Елена Блонди - Татуиро (Serpentes)
— Так что же хочешь?
— А можно я сама? Нарисую.
— Конечно.
Лада взяла протянутый татуировщиком планшет и фломастер. Подумав немного, провела линию шеи и плеча, обозначила край подбородка. И, припоминая смутные картинки из повторяющегося сна, нарисовала изогнутое тело, захлестнувшее округлость плеча, узкую голову, лежащую на ключице, продолговатые глаза и тонкую плёточку змеиного языка.
— А хвост вот сюда, кольцом, но не до локтя, а повыше, — и, закончив, подняла глаза на мастера, опасаясь увидеть насмешливое недоверие профессионала. Но тот смотрел на рисунок серьёзно, потом, переведя взгляд на неё, стал разглядывать со спокойным удивлением. И она подумала: глаза у него похожи цветом на спелые вишни.
— Где взяла рисунок? Видела где?
— Я? Нет… Вы только не смейтесь, приснился.
Но тот смеяться не стал. Кивнул. Подойдя к двери, сказал кому-то снаружи:
— Василёк, на сегодня шабаш, до конца дня у меня работка.
И улыбнулся Ладе:
— Садись, сделаем тебе личную змею.
За окном Ленка что-то самозабвенно врала, посмеивались мужские голоса и слышалось Анеткино стесненное хихиканье. Несколько раз девчонки заглядывали в салон и, помахав Ладе, мужественно смотревшей на них через пелену слёз, снова уходили за столик под окном, и оттуда слышался смех и хлопки открываемых на жаре бутылок.
Когда Лада вышла, солнце уже садилось, просвечивая красным сквозь колючие ветки кривых сосен, и вода, освободившаяся от множества купальщиков, зализывала мелкими волнами раны от людского веселья. Плечо горело, и ужасно хотелось есть. Посидели ещё все вместе, глядя на темнеющий бор, когда засобирались домой, Анетка, дёрнув Ладу за руку, прошептала ей на ухо, что приедет утром, и оглянулась на быковатого спасателя Вадика в джинсах, с рубашкой на плече и глупой улыбкой победителя.
Ладе захотелось, чтоб мастер пригласил остаться её, но он попрощался и исчез за деревьями, а они с Ленкой заторопились к метро.
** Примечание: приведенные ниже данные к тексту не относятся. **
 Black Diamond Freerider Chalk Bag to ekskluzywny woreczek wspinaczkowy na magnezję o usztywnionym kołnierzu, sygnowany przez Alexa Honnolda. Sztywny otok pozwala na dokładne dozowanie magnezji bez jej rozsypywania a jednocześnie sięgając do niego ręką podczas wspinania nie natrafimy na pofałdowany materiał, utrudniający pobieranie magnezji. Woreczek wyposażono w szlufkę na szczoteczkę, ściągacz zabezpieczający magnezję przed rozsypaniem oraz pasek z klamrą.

Уставшие, горячие от московского летнего солнца. Ленка подворачивала ноги, ругала каблуки и торчащие корни.
… - Я тебе блузочку сошью с голым плечом, будешь ходить на всякие пати, все обзавидуются, Ладка!
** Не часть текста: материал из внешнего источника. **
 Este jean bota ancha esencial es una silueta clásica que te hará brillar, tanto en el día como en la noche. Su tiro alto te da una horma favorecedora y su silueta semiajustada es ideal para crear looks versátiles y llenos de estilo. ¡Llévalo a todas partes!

Лада шла, чувствуя, как горит на руке кожа. Кивала обещаниям, улыбалась.
Потом привыкла. И почти забыла про свою змею.
Покачала ладонь с лежащей на ней плоской головой. Вот про эту — свою. Казалось ей: татуировка и татуировка. И только Витька там, в ноябрьской степи, увидев, вдруг тряхнул её, закричал, что она — умеет. Раз есть у неё змея!
Найя протянула вторую руку и осторожно, медленностью жеста как бы спрашивая разрешения, дотронулась до сухой плоской головы, погладила. Все вопросы вылетели из головы.
— Не могу спрашивать сейчас. Только скажи, я и ты — вместе? Как тогда, в степи?
— Вмес-сте.
— Ты со мной… Потому что я рисую, да? Но я давно уже не рисую, знаешь?
— Женщины людей говорят и противоречат с-сказанному, — в голосе змеи не было иронии, просто отмеченный факт, — ты уже задаёш-шь вопросы…
— Ну так ответь!
Змея молчала. Мелькал и прятался длинный язык, трогая кожу ладони. Дышал у голой ноги Синика. Заворочался мастер Акут, застонал и вдруг позвал через сон:
— Найя!..
И она напряглась, вытянула шею, прислушиваясь, прижала змеиную голову крепче и отдернула руку:
— Извини. Там Акут, я должна — к нему.
— Вот твой дар, женщина женщин, несущая свет. Ты любишь. Вс-стань.
Найя встала, подхватывая руками тяжёлые кольца. Нетерпеливо оглянулась в сторону постели. Змея заскользила из её руки, тыкаясь головой в кожу, по рёбрам, под локтем, через поясницу. Скользя, петли круглого тулова прижимались к саднящим полосам, прирастали, будто влипая в женское тело, становясь цветным рисунком. Легла на грудь голова, повернулась, укладываясь. Спрятался раздвоенный язык.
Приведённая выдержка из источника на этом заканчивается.